# [Exercise goal]
Write out all the data verbatim. Skip images.

# [Given information]
>>>

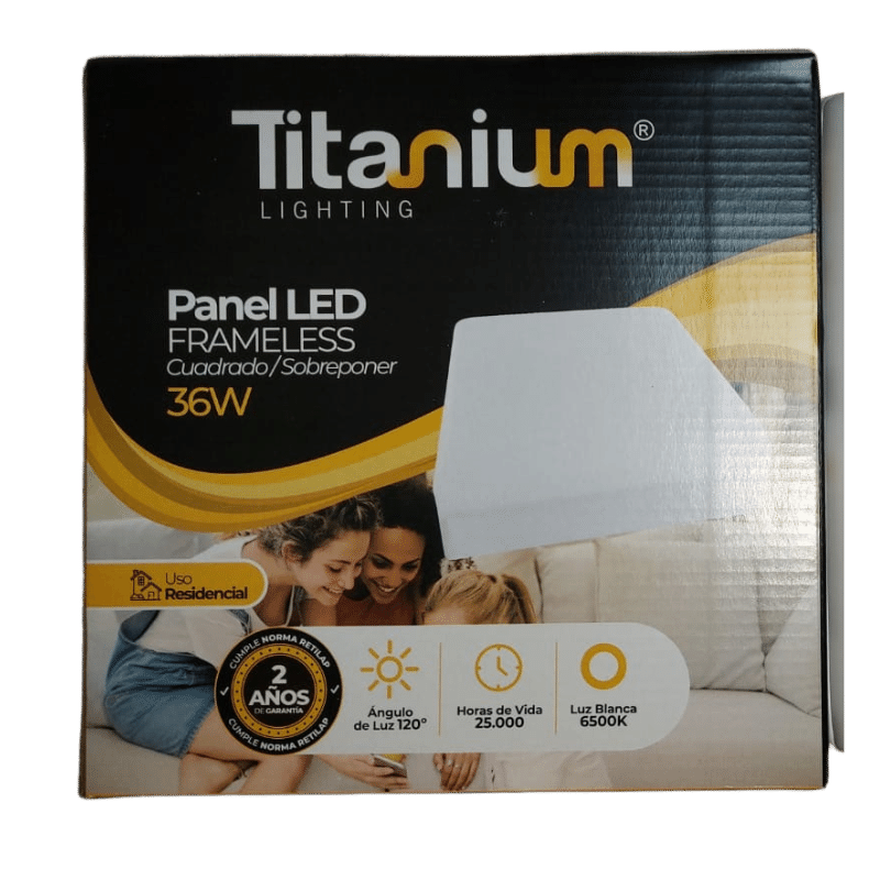 PANEL LED FRAMELESS TITANIUM 36W BLANCO CUADRADO 6500K SOBREPONER
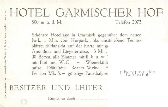 Garmisch Partenkirchen Kategorie Alte Ansichtskarten Postkarten bx71340 Garmisch Partenkirchen Garmischer Hof Garmisch Partenkirchen postalisch nicht gelaufen Werbekarte (keine Postkarte) Erhaltung siehe scans [WerneD78]
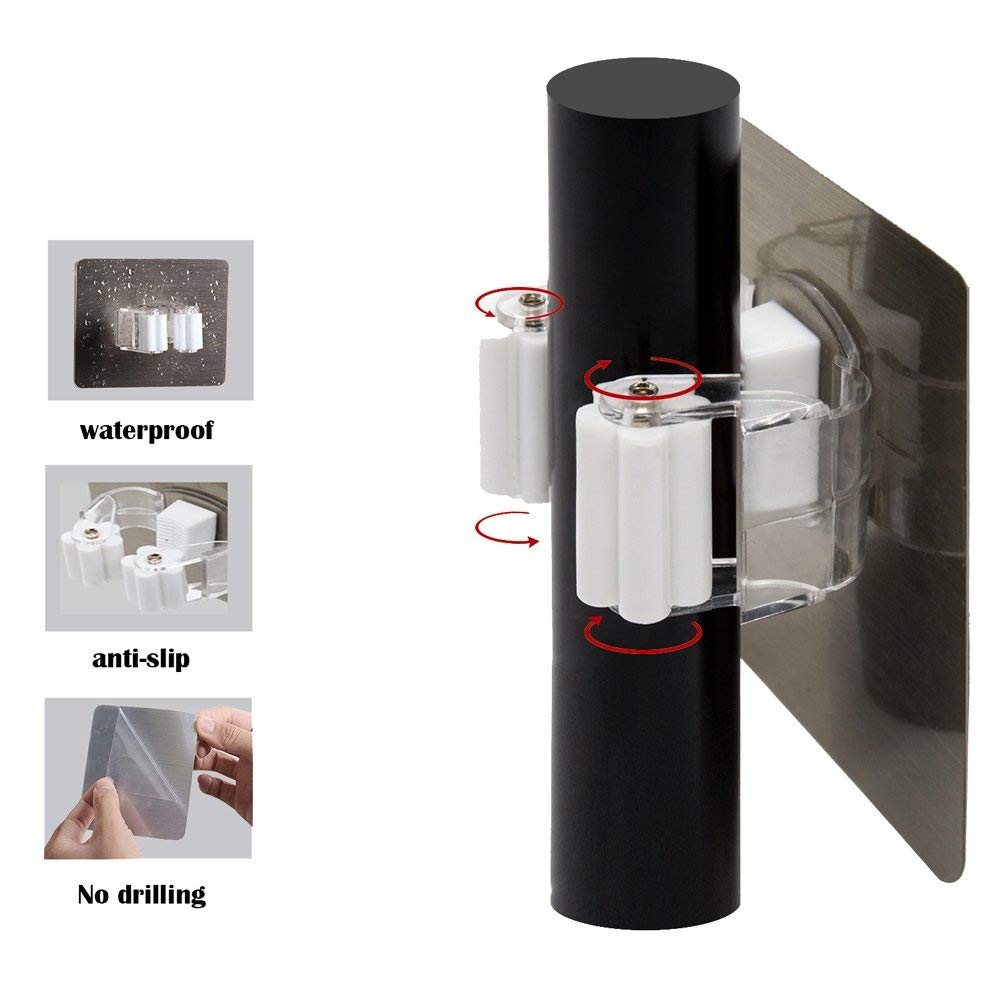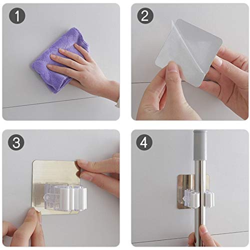 【KÖNNYŰ TELEPÍTÉS】 A seprűfelmosó tartó hátulján ragasztó található, nem kell lyukakat fúrni a felszereléshez, és nem kell attól tartania, hogy a matricák megsértik a falat vagy a mennyezetet. Használat előtt tisztítsa meg a falfelületet, ragassza fel a felmosó tartót, nyomja meg 10 másodpercig, hogy kinyomja a levegőt, és 24 óra elteltével használhatja az erős és tartós tartót.

<<<

# [Output for this exercise]
 PANEL LED FRAMELESS TITANIUM 36W BLANCO CUADRADO 6500K SOBREPONER
 Garmisch Partenkirchen Kategorie Alte Ansichtskarten Postkarten bx71340 Garmisch Partenkirchen Garmischer Hof Garmisch Partenkirchen postalisch nicht gelaufen Werbekarte (keine Postkarte) Erhaltung siehe scans [WerneD78]
 【KÖNNYŰ TELEPÍTÉS】 A seprűfelmosó tartó hátulján ragasztó található, nem kell lyukakat fúrni a felszereléshez, és nem kell attól tartania, hogy a matricák megsértik a falat vagy a mennyezetet. Használat előtt tisztítsa meg a falfelületet, ragassza fel a felmosó tartót, nyomja meg 10 másodpercig, hogy kinyomja a levegőt, és 24 óra elteltével használhatja az erős és tartós tartót.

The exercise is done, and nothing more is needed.